> What you are asked to do:
Restate, word for word and with no pictures, the stretch of lines in the data below that begins at the line with "Kadın Bardot Yaka" and ends at the line with "Funda para Teléfono", inclusive.

> Information shown:
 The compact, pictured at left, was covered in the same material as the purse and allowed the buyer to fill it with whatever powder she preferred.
* * *
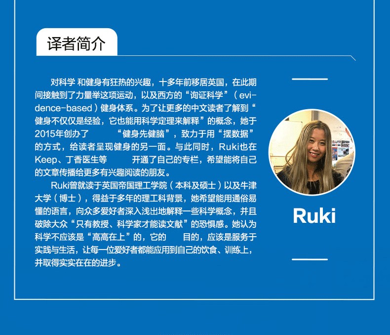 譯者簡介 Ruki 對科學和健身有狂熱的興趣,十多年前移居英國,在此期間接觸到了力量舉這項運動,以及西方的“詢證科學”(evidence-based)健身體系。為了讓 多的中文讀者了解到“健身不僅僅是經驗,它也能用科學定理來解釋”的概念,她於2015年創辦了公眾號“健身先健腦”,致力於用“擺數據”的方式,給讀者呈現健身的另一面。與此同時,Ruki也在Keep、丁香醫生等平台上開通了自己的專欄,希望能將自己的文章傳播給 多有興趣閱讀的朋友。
* * *
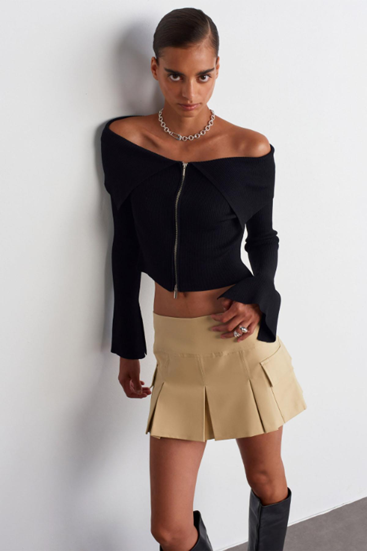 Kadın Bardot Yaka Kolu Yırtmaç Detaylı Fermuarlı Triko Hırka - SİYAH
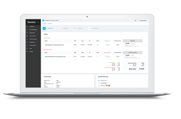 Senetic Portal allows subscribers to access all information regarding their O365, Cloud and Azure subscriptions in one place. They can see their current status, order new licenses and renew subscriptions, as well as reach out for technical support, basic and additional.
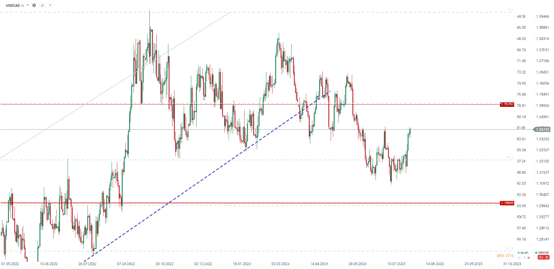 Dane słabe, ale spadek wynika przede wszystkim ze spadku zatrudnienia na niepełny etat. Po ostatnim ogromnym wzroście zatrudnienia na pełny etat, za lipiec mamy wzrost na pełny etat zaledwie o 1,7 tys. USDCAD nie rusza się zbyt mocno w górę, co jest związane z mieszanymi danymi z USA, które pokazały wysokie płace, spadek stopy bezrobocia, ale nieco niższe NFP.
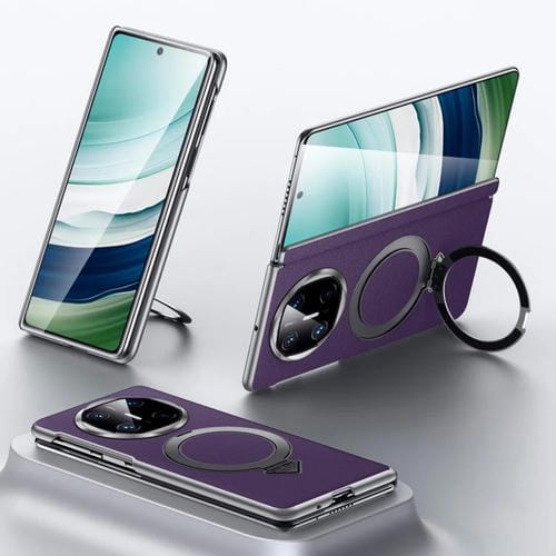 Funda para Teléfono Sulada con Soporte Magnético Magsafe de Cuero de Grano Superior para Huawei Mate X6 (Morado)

> Answer to this problem:
 Kadın Bardot Yaka Kolu Yırtmaç Detaylı Fermuarlı Triko Hırka - SİYAH
 Senetic Portal allows subscribers to access all information regarding their O365, Cloud and Azure subscriptions in one place. They can see their current status, order new licenses and renew subscriptions, as well as reach out for technical support, basic and additional.
 Dane słabe, ale spadek wynika przede wszystkim ze spadku zatrudnienia na niepełny etat. Po ostatnim ogromnym wzroście zatrudnienia na pełny etat, za lipiec mamy wzrost na pełny etat zaledwie o 1,7 tys. USDCAD nie rusza się zbyt mocno w górę, co jest związane z mieszanymi danymi z USA, które pokazały wysokie płace, spadek stopy bezrobocia, ale nieco niższe NFP.
 Funda para Teléfono Sulada con Soporte Magnético Magsafe de Cuero de Grano Superior para Huawei Mate X6 (Morado)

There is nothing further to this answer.